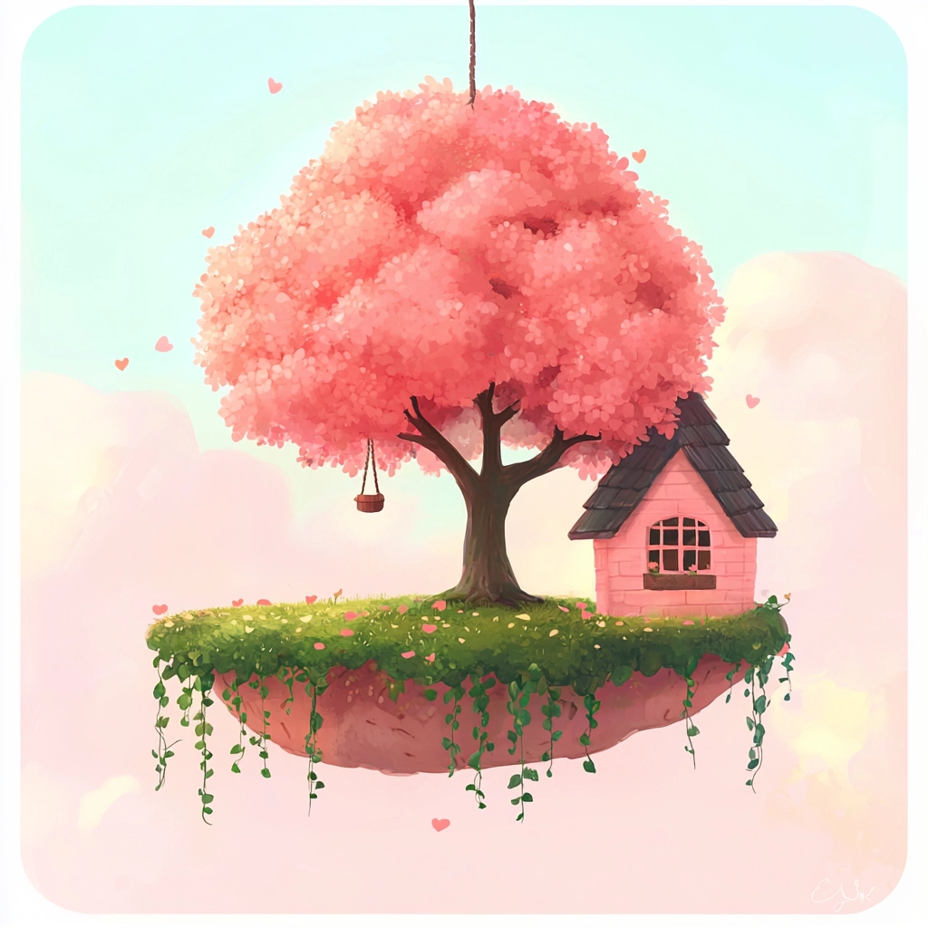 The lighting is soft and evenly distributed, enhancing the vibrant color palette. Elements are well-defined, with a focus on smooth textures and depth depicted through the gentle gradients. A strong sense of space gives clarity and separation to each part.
━━━━━━
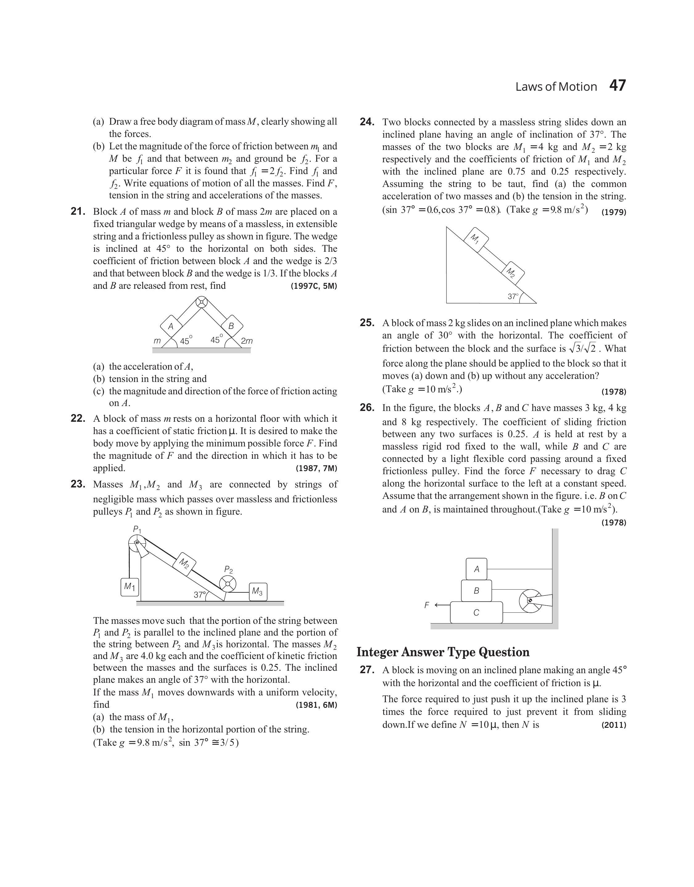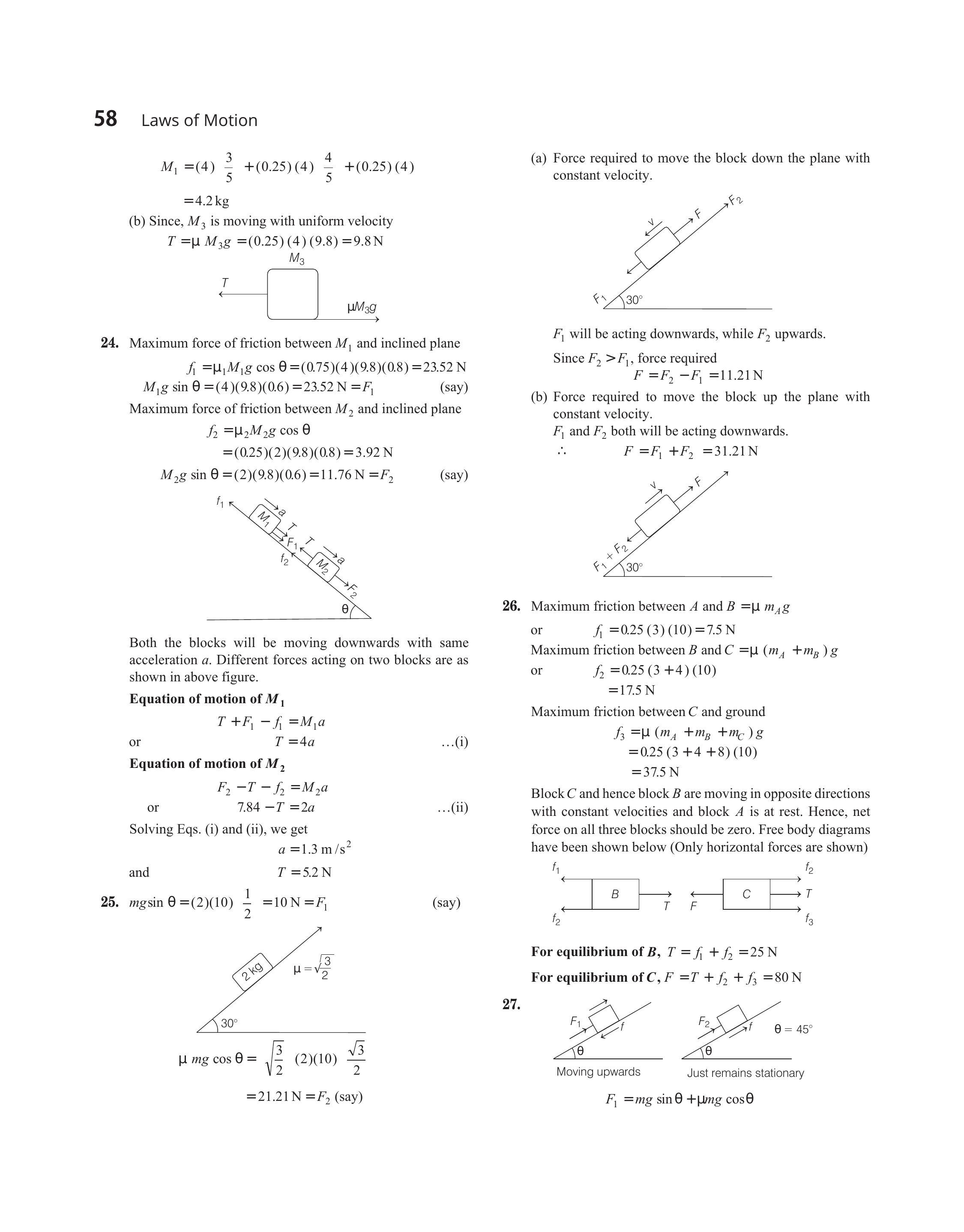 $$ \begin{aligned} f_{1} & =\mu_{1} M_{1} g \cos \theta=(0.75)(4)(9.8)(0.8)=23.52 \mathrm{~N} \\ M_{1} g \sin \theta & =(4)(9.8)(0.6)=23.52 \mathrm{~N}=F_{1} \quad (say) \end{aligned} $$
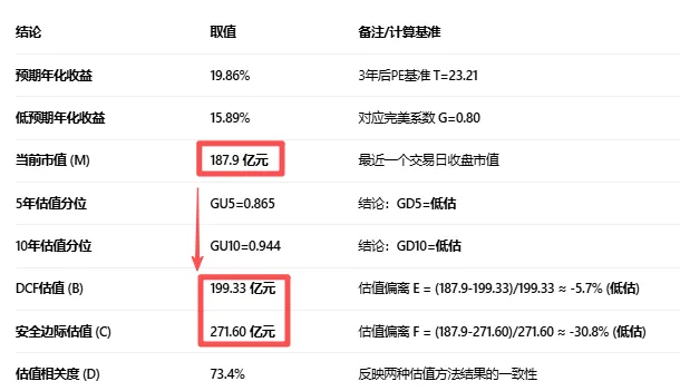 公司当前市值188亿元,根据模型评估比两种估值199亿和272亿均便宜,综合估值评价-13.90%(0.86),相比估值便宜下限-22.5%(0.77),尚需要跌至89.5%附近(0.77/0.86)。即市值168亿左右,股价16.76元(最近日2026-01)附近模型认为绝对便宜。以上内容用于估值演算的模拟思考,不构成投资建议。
━━━━━━
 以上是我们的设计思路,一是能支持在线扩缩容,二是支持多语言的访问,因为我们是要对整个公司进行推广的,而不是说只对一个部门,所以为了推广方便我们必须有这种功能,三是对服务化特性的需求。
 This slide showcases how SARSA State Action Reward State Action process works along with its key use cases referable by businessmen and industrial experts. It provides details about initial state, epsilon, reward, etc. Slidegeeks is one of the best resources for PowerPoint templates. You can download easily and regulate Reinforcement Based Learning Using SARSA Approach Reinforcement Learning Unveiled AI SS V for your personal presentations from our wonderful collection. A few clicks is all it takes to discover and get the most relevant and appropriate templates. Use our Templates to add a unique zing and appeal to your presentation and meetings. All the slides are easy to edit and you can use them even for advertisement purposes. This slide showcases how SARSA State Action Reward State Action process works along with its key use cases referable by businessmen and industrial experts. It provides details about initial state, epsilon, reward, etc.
━━━━━━
TASK TO COMPLETE
Your answer must consist solely of the lines above between the line holding "以上是我们的设计思路,一是能" and the line holding "reward, etc. Slidegeeks", inclusive, copied exactly.

ANSWER TO THE PROBLEM
 以上是我们的设计思路,一是能支持在线扩缩容,二是支持多语言的访问,因为我们是要对整个公司进行推广的,而不是说只对一个部门,所以为了推广方便我们必须有这种功能,三是对服务化特性的需求。
 This slide showcases how SARSA State Action Reward State Action process works along with its key use cases referable by businessmen and industrial experts. It provides details about initial state, epsilon, reward, etc. Slidegeeks is one of the best resources for PowerPoint templates. You can download easily and regulate Reinforcement Based Learning Using SARSA Approach Reinforcement Learning Unveiled AI SS V for your personal presentations from our wonderful collection. A few clicks is all it takes to discover and get the most relevant and appropriate templates. Use our Templates to add a unique zing and appeal to your presentation and meetings. All the slides are easy to edit and you can use them even for advertisement purposes. This slide showcases how SARSA State Action Reward State Action process works along with its key use cases referable by businessmen and industrial experts. It provides details about initial state, epsilon, reward, etc.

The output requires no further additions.